District elections were originally proposed by the Progressive Movement of the early 20th century as part of a list of reforms to break up municipal power monopolies like Tamany Hall. There has been enormous resistance from conservative forces to the point where Catholic figures speaking along the lines of McCarthyite Bishop Fulton Sheen argued that the push for district elections was communist inspired and nuns were deployed to encourage public prayer against them in the 1950s.
What district, or in this case ward, elections do is to bring the power of politics to the neighborhood. Eureka has a hybrid system right now. You represent one ward, but the rest of the city gets to select your neighborhood representative for you. Among other issues, this means that the west side is misrepresented by a council member who lives there (that is the sole requirement), but does not represent the ward’s aggregate interests or values.
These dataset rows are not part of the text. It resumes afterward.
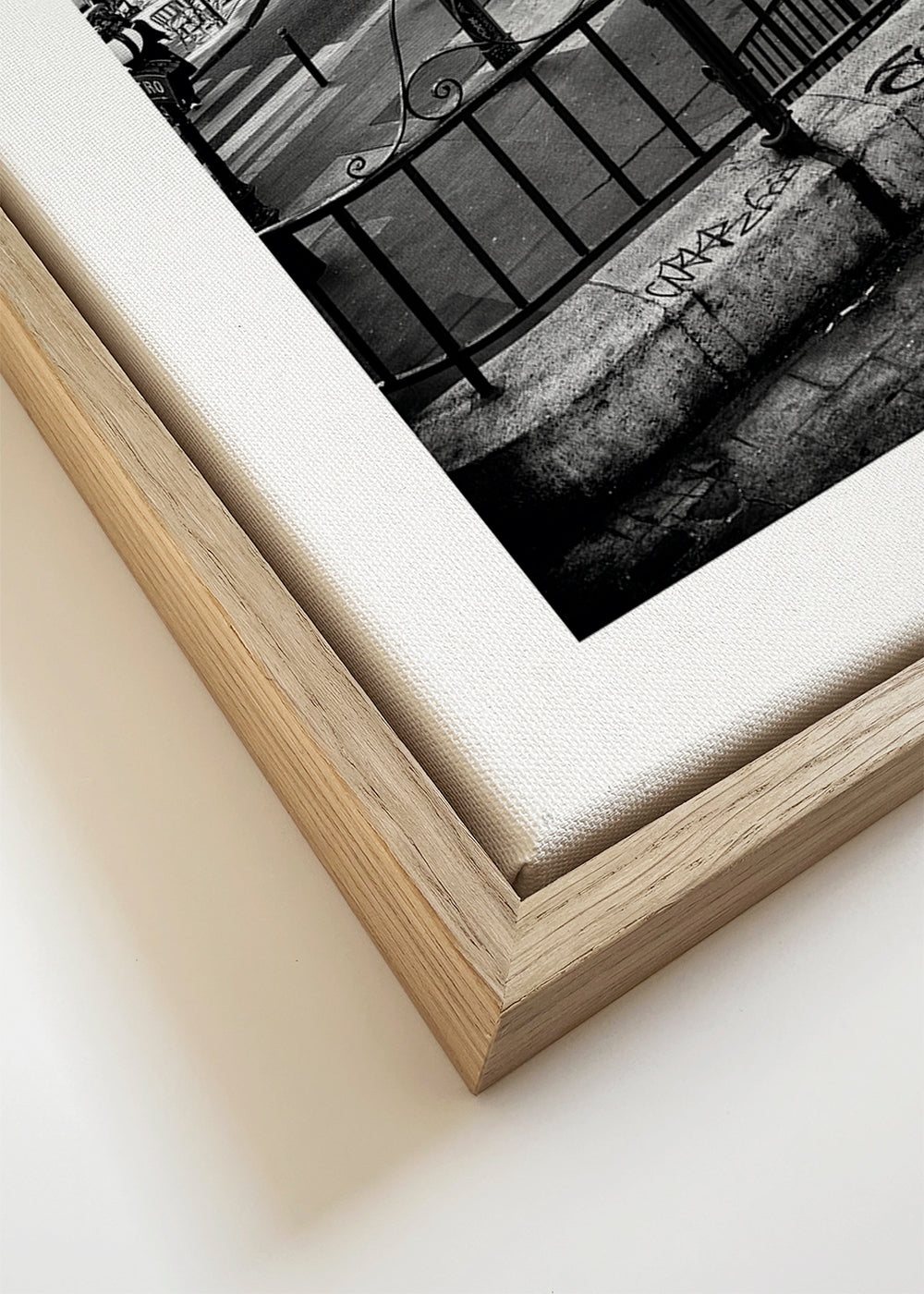 Si vous sélectionnez l'option passe-partout, nous ajouterons le tableau blanc mat au cadre, et nous réduirons le dessin de l'œuvre. Par exemple, si vous sélectionnez un tirage au format 50x70 cm, avec un cadre et un passe-partout couleur chêne, nous réduirons le dessin du tirage au format précédent (40x50cm). Ainsi, il s'adaptera parfaitement à la fenêtre intérieure du passe-partout.
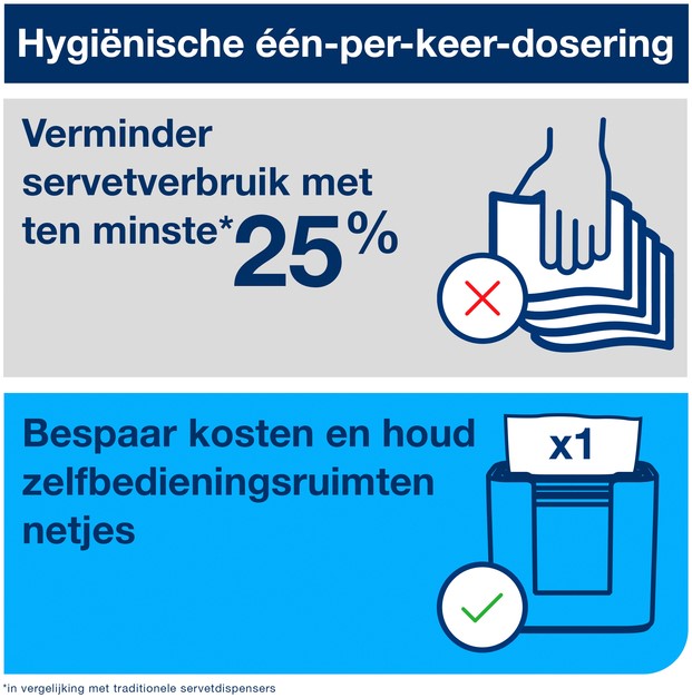 Dankzij de gebruiksvriendelijke één-per-keer-dosering wordt er minstens 25% minder servetten verbruikt vergeleken met traditionele servetdispensers.
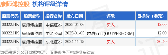 投行对该股的评级以买入为主,近90天内共有2家投行给出买入评级,近90天的目标均价为14.8港元。中信证券最新一份研报给予康师傅控股买入评级,目标价12港元。
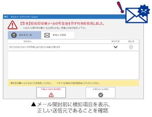 メール受信時は、標的型攻撃メールの特徴が含まれないかを自動で判断。送信元の改ざんの恐れやリンク先URLの改ざんを検知し、疑わしいメールには警告を表示します。
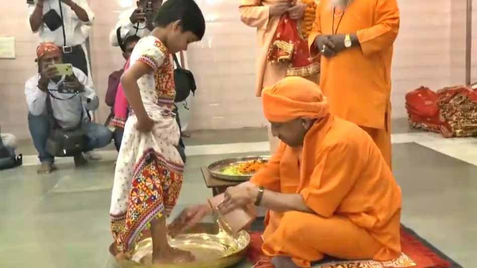 वीडियो में देखा जा सकता है कि कैसे नवमी तिथि के अनुष्ठान में सीएम योगी ने सबसे पहले छोटी-छोटी बच्चियों के पांव धोएं. फिर उनके माथे पर रोली, चंदन, अक्षत आदि का तिलक लगाया. इसके बाद चुनरी ओढ़ाकर एवं दक्षिणा प्रदान कर उनका आशीर्वाद लिया. सीएम ने हवन-पूजन के बाद इन कन्याओं को गोरखनाथ मंदिर की रसोई में पकाया गया भोजन अपने हाथों से परोसा.

Ironically, the same may be true if Austin Allison wins in the 4th ward this fall as it is probably the most conservative of the wards.
It means a candidate doesn’t have to spend a lot of money on media. It means s/he must walk the neighborhoods, hold ward meetings, and actually be in touch with the wants and needs of the neighborhood. It means large donors have less influence. And it all but guarantees ideological diversity on the City Council.
Julia Minton, Bob Froehlich, and I will discuss the application of critical thinking to ballot decisions. We will discuss available resources and methods to learn about and decide on some very complicated and numerous propositions on the ballot this November. All Things Reconsidered, Thursday evening at 7:00.
Eureka’s 4th ward candidates disagree on Measure P which would establish true ward-based elections. Austin Allison supports it. John Fullerton opposes.
I support Measure P just because I believe that some of the neighborhoods, particularly the west side, need accountable representation and because it would significantly reduce the impact of money on the City Council elections and offer opportunity for the neighborhoods to become very familiar with their candidates. Let’s get that out of the way.
The reality here is that if John Fullerton wins and Measure P passes he would have a much easier time winning reelection in the 4th ward the next time around as the 4th is one of the more conservative. Austin Allison would have a much harder time.
So basically both candidates are taking positions on the measure which is against his interests. That says well for both.
So much to be cynical about in elections. Just one point of light worth mentioning.